TRY IT: In the data below, locate the line containing "Illuminate your child's" and the line containing "These are words", then retype both and everything between them exactly. Pictures are not part of the copy.

BEGIN DATA EXTRACT

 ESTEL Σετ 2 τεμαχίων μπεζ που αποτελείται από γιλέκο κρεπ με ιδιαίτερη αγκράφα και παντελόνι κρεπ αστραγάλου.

END DATA EXTRACT
BEGIN DATA EXTRACT

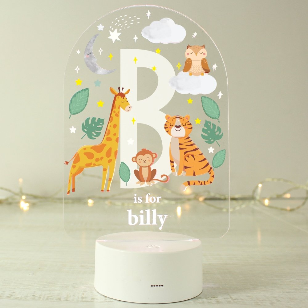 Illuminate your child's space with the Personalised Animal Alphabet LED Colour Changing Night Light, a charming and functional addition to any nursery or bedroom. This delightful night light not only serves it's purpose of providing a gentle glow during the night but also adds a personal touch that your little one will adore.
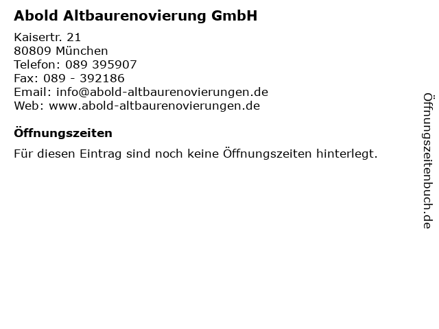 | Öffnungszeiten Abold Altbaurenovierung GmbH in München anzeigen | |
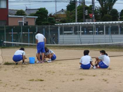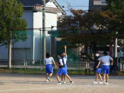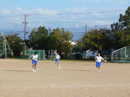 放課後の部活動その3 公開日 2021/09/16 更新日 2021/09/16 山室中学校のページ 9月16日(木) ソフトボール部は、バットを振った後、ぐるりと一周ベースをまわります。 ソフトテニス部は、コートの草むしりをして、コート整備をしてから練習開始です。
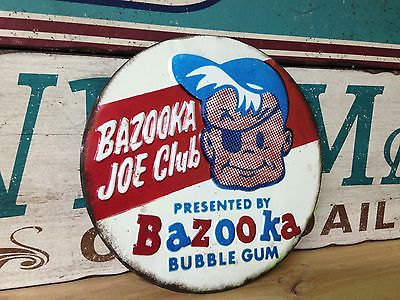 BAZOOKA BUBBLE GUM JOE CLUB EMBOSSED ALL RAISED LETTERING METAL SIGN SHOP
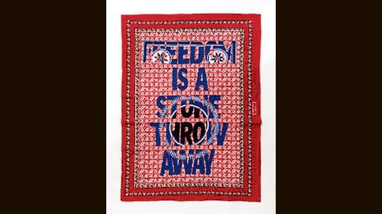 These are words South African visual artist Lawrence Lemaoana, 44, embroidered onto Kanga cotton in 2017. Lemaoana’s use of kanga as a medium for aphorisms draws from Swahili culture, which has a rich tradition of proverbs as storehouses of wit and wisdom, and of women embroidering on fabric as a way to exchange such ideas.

END DATA EXTRACT

ANSWER:
 Illuminate your child's space with the Personalised Animal Alphabet LED Colour Changing Night Light, a charming and functional addition to any nursery or bedroom. This delightful night light not only serves it's purpose of providing a gentle glow during the night but also adds a personal touch that your little one will adore.
 | Öffnungszeiten Abold Altbaurenovierung GmbH in München anzeigen | |
 放課後の部活動その3 公開日 2021/09/16 更新日 2021/09/16 山室中学校のページ 9月16日(木) ソフトボール部は、バットを振った後、ぐるりと一周ベースをまわります。 ソフトテニス部は、コートの草むしりをして、コート整備をしてから練習開始です。
 BAZOOKA BUBBLE GUM JOE CLUB EMBOSSED ALL RAISED LETTERING METAL SIGN SHOP
 These are words South African visual artist Lawrence Lemaoana, 44, embroidered onto Kanga cotton in 2017. Lemaoana’s use of kanga as a medium for aphorisms draws from Swahili culture, which has a rich tradition of proverbs as storehouses of wit and wisdom, and of women embroidering on fabric as a way to exchange such ideas.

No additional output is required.